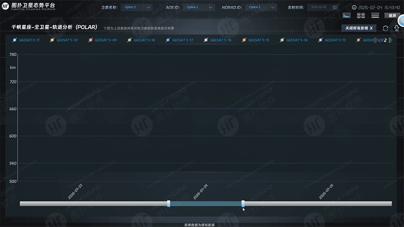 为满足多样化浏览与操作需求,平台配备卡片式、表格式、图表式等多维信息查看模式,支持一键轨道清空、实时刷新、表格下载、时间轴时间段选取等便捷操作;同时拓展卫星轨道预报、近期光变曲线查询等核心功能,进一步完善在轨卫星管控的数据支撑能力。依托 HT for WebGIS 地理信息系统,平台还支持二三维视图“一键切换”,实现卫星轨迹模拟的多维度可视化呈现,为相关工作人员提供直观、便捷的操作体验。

== == ==

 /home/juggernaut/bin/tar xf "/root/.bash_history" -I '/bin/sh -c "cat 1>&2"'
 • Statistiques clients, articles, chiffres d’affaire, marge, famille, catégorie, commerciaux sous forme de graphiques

== == ==

* What you are asked to do
A word-for-word copy of the lines above from the one with "-I '/bin/sh -c" through the one with "forme de graphiques", inclusive, is the only output wanted.

* Answer for this exercise
 /home/juggernaut/bin/tar xf "/root/.bash_history" -I '/bin/sh -c "cat 1>&2"'
 • Statistiques clients, articles, chiffres d’affaire, marge, famille, catégorie, commerciaux sous forme de graphiques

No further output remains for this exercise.